(Data items)
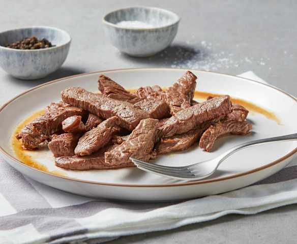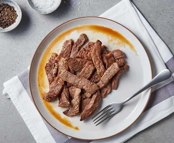 225 g beef tri-tip steak, trimmed, cut in strips (½ in. x 1-1½ in.), dried with paper towels
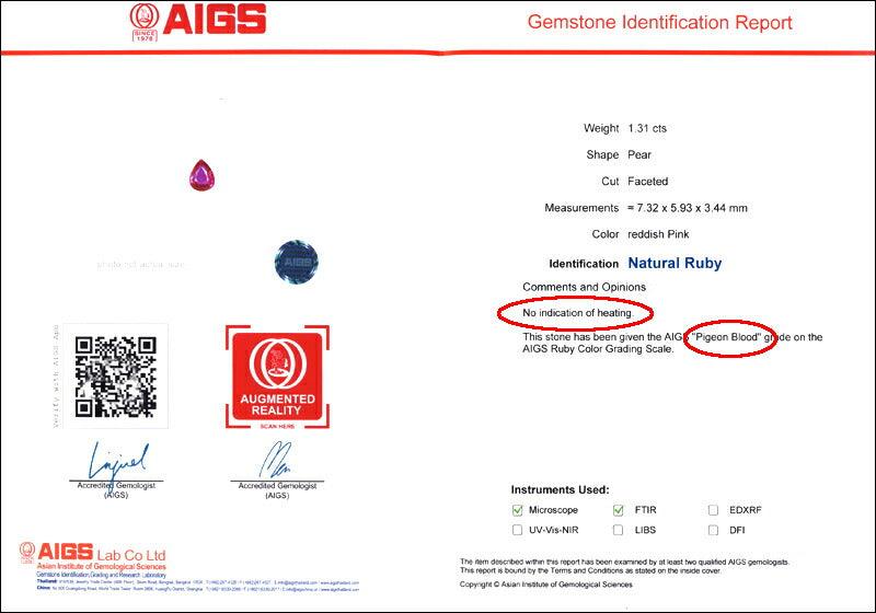 【AIGS非加熱ピジョンブラッド鑑別書付き】 鮮やかなカラーに魅了される 非加熱ピジョンブラッドルビー1.31CT
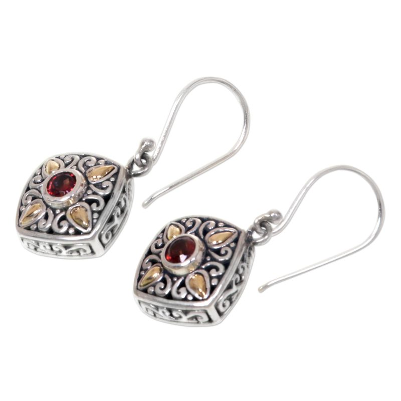 Sweet crimson gems sparkle from within florid settings in these dangle earrings from Bali's Kadek Wijanegara. The artisan crafts the earrings from sterling silver with accents of 18k gold, and sets them with round garnet stones.
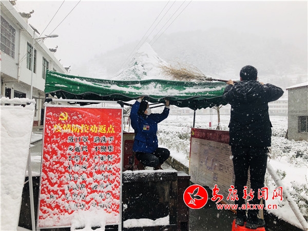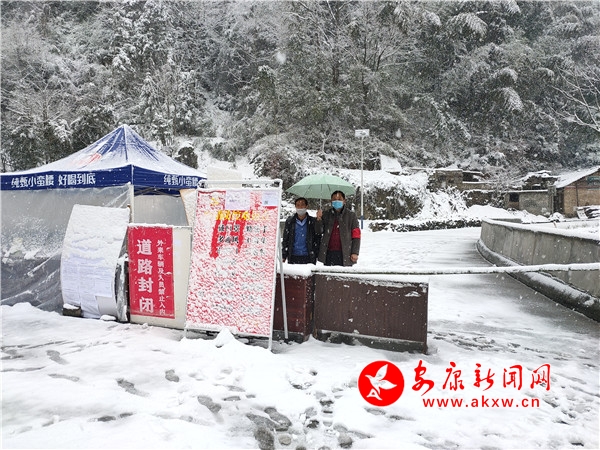 在三坪村勸返點(diǎn),一夜的大雪連示意牌都遮得嚴(yán)嚴(yán)實(shí)實(shí)。執(zhí)勤的鎮(zhèn)社保站干部陳曉虎、李玲和村干部楊昌華早早地就來到這里,一齊動(dòng)手,抖落掉帳篷上的積雪,用掃帚、鐵鏟把路面清掃得干干凈凈。“冰雪天氣出行一定要注意安全,車輛要裝上防滑鏈”,顧不上已經(jīng)成了“雪人”,他們在做好疫情防控勸導(dǎo)勸返工作的同時(shí),還充當(dāng)起了交通安全引導(dǎo)員。直到手被凍得握不住筆了,這才顧得上生起一盆取暖的炭火。
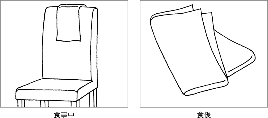 食事中に席を外すときは椅子の上にナプキンを置きますが、座面に置くのが衛生的に気になる場合は背もたれにかけるとよし。食事を終えたら、ざっくりと畳んでテーブルの左側に置きます。
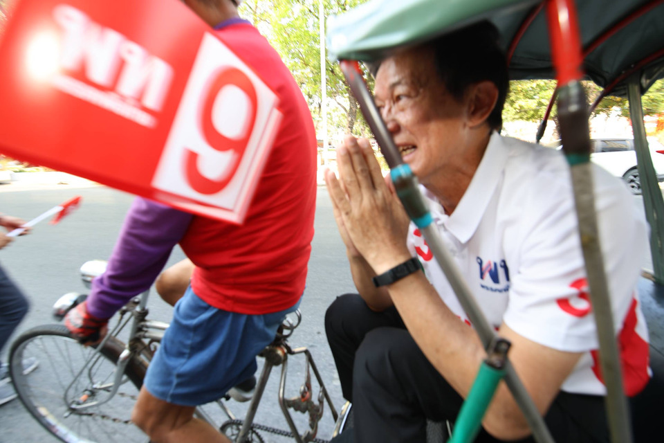 จากนั้น คณะผู้สมัครได้นั่งสามล้อถีบแห่ขบวนไปตามถนนสายต่าง ๆ ในเขตเทศบาลนครนครราชสีมา เพื่อพบปะและขอคะแนนเสียงจากประชาชน โดยมีชาวโคราชออกมาต้อนรับอย่างอบอุ่น มอบดอกไม้และคล้องพวงมาลัยที่ทำจากของฝากขึ้นชื่อของจังหวัด อาทิ กุนเชียง หมูหยอง หมูแผ่น และข้าวตัง บรรยากาศเป็นไปอย่างคึกคัก
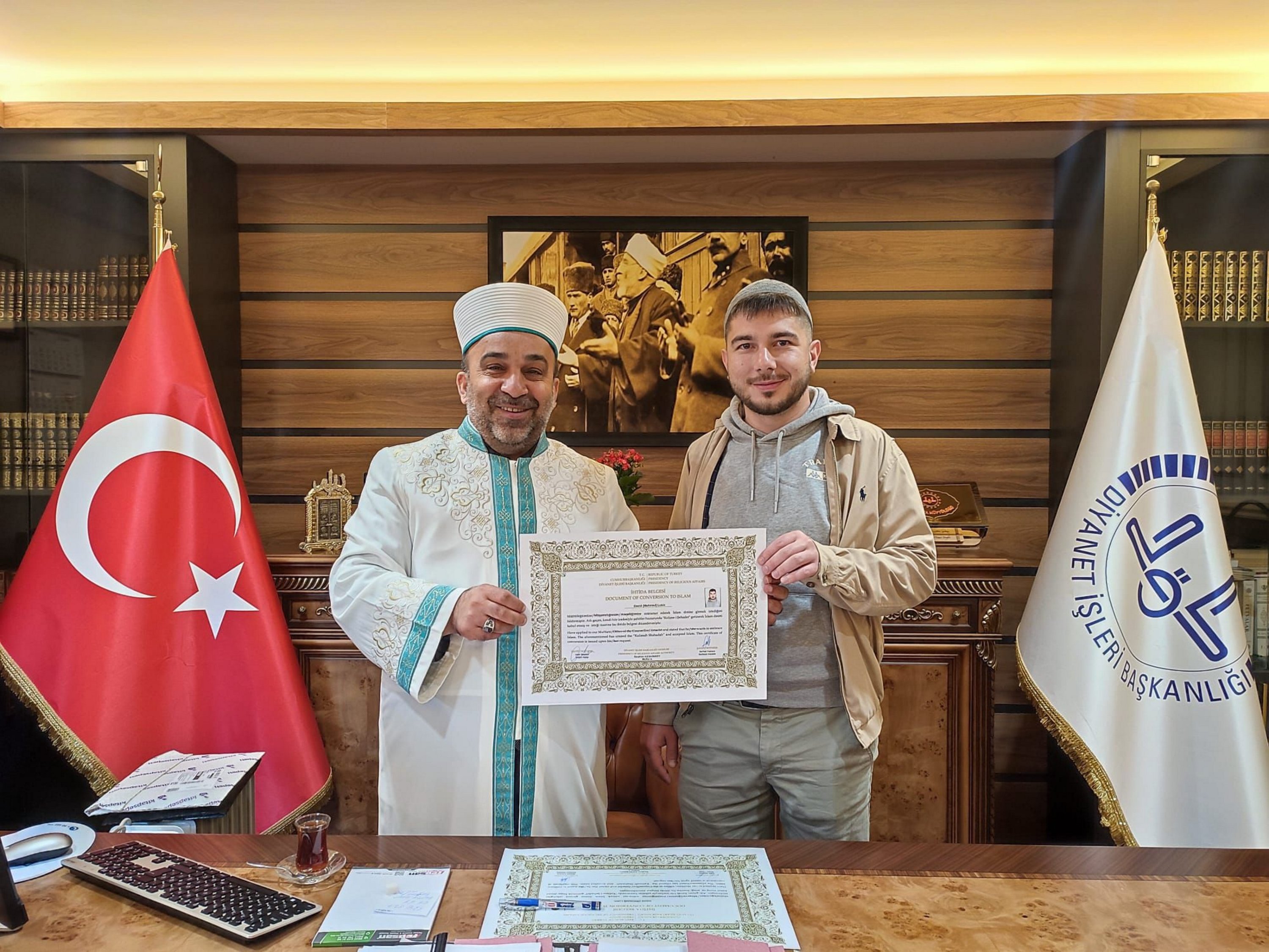 At the end of the program, he was presented with a certificate of conversion, along with publications from the Presidency of Religious Affairs (Diyanet) and a copy of the Holy Quran.
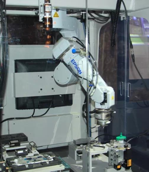 在此次創新大會上,愛普生展出了N2機器人在手機制造領域的解決方案,結合了SCARA機器人和6軸機器人的優點的N2,手腕可以旋轉180度以提高30%的循環時間,該產品最大負載2.5千克,可以同時執行多種作業。對作業精度和作業空間有較高要求的場所,N2機器人將是最好的選擇。
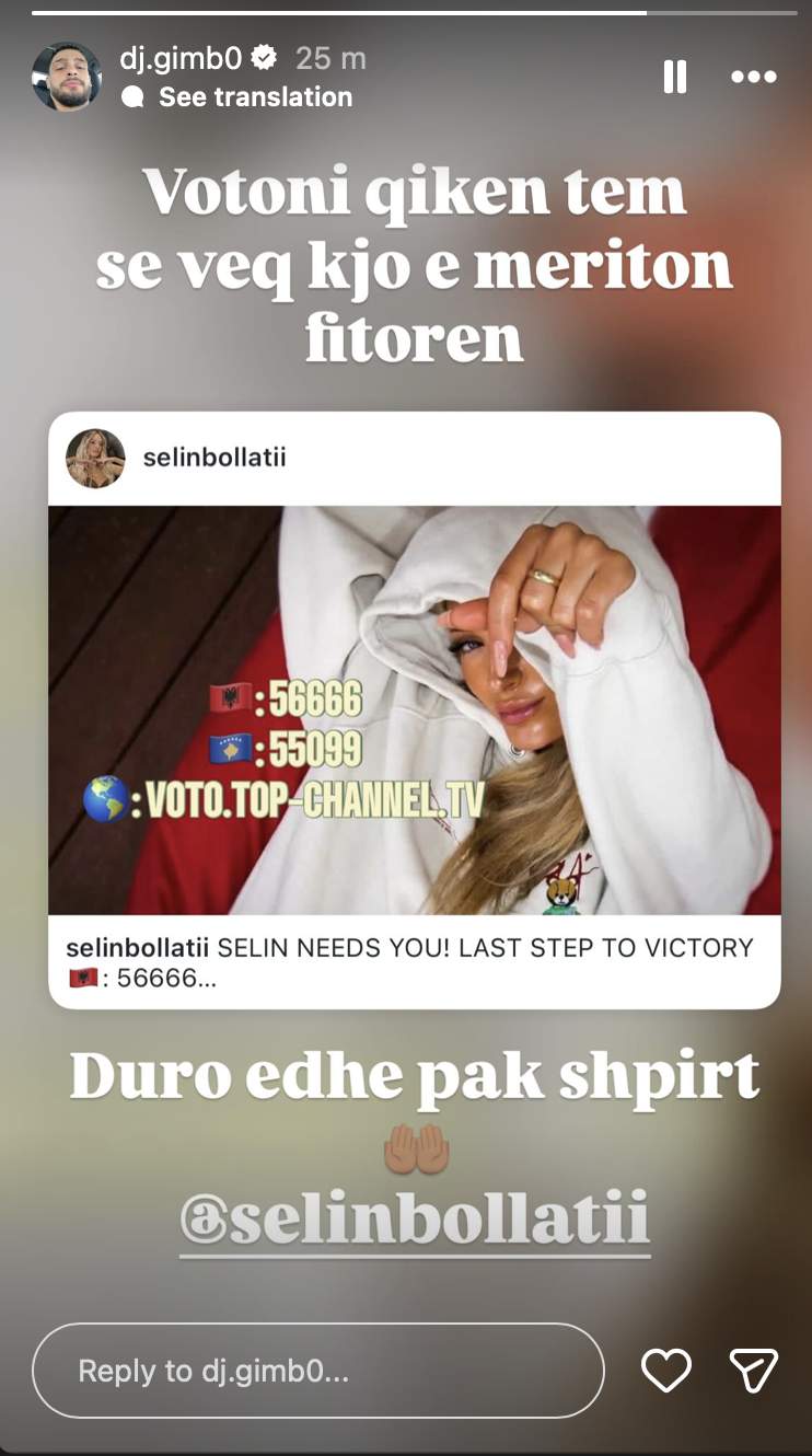 Por DJ Gimbo nuk është ndalur vetëm te thirrja për votim. Ai ka shtuar edhe një mesazh emocional drejtuar vetë Selin, duke i dhënë kurajo për ditët e fundit të garës:
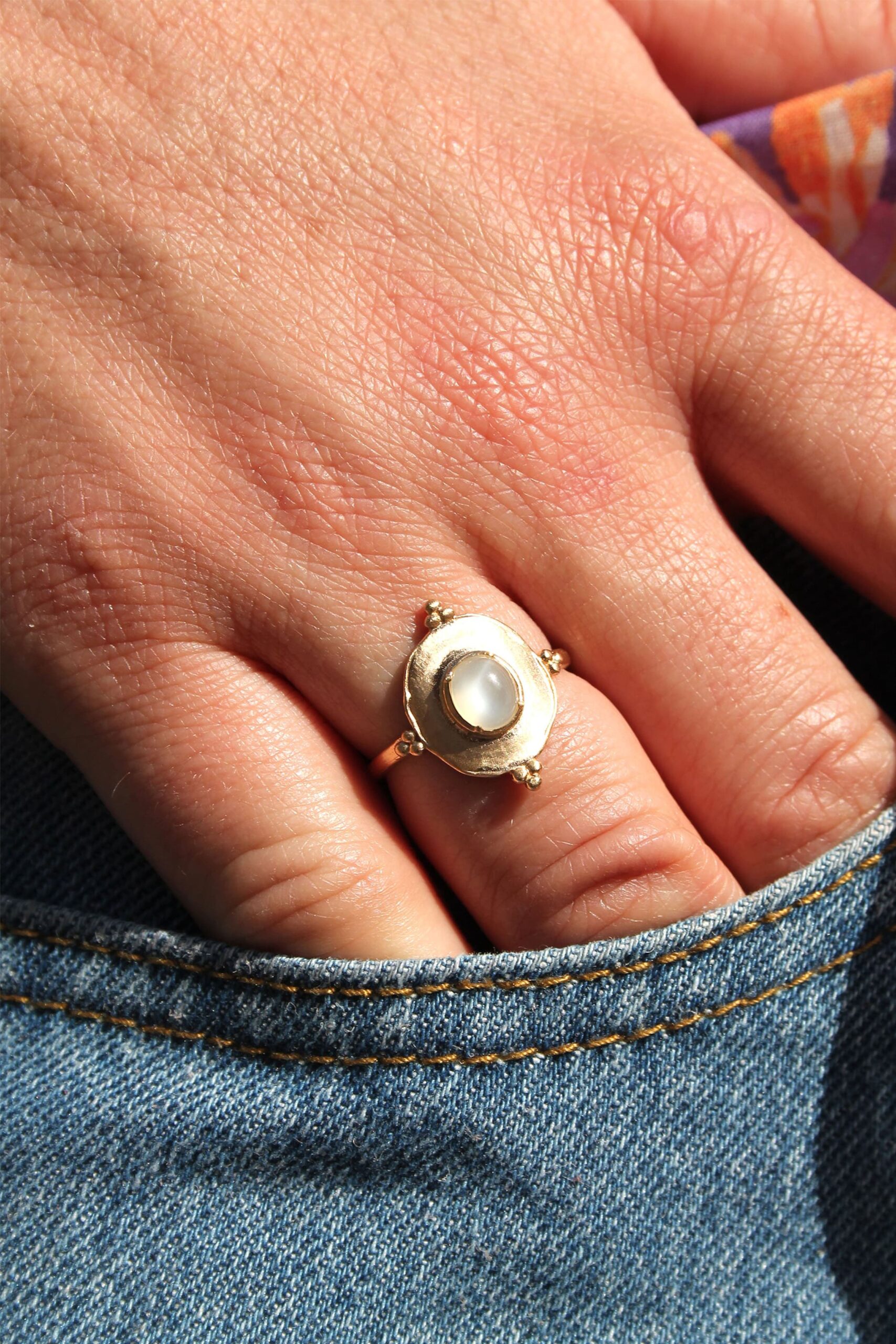 Une ravissante bague à l’allure résolument vintage, où l’or brossé à l’effet mat contraste avec la note de pierre de lune.
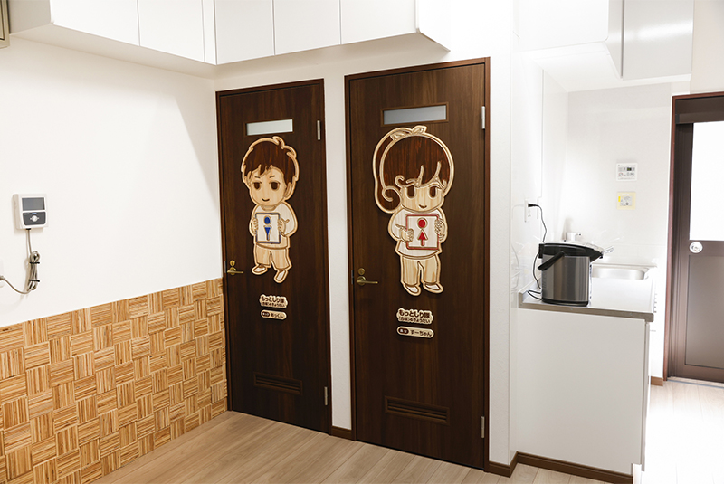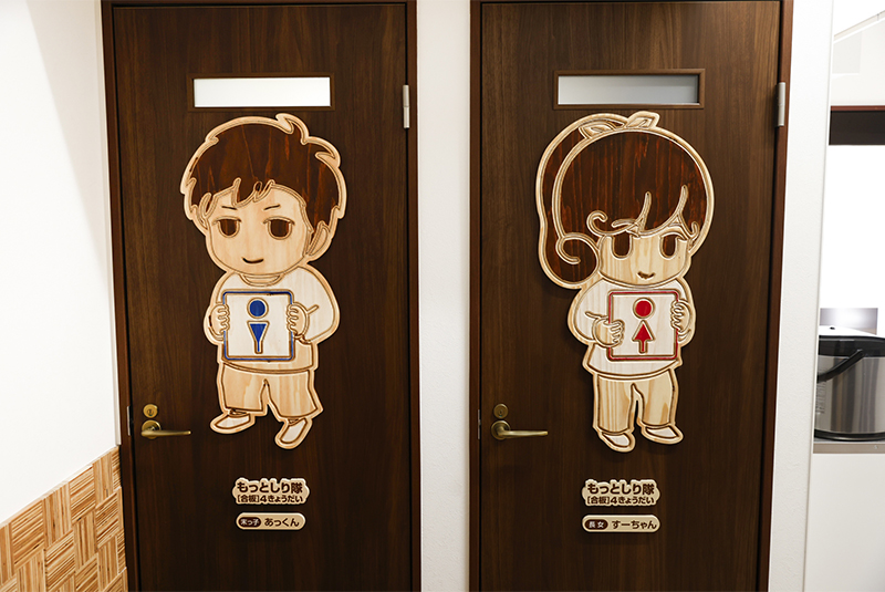 合板をレーザー加工で製作した「合板4きょうだい」キャラクターの「末っ子あっくん」「長女すーちゃん」を男女の扉にそれぞれ配置。床は「すべりにくい」床材「ネマーレ」として、腰壁は超厚合板を市松模様状に配置。
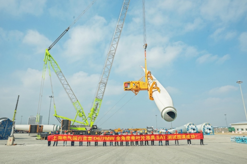 11月13日,上海电气风电集团D6/7MW全旋转式海上单叶片吊具在射阳港测试成功。国内首套全旋转式海上单叶片吊具问世,意味着上海电气风电集团打破了该领域国际垄断,再一次引领海上风电先进技术突破。
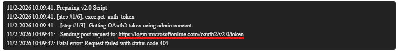 A: This error means: "The page does not exist". This can be caused by multiple issues. If the script log is very short, make sure to press the "save" button after you have authrorized with Microsoft. If there is no ID between the ...microsoftonline.com/ and the /oauth2... Then the autorization isnt saved.
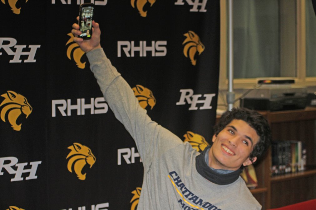 The teen took a selfie with news cameras in the background during his signing ceremony, smiling broadly.

■ **Task to carry out**: In the records above, find the line that contains "A: This error" and repeat exactly that line and all lines after it to the end. Do not include pictures.

■ **Response**:
 A: This error means: "The page does not exist". This can be caused by multiple issues. If the script log is very short, make sure to press the "save" button after you have authrorized with Microsoft. If there is no ID between the ...microsoftonline.com/ and the /oauth2... Then the autorization isnt saved.
 The teen took a selfie with news cameras in the background during his signing ceremony, smiling broadly.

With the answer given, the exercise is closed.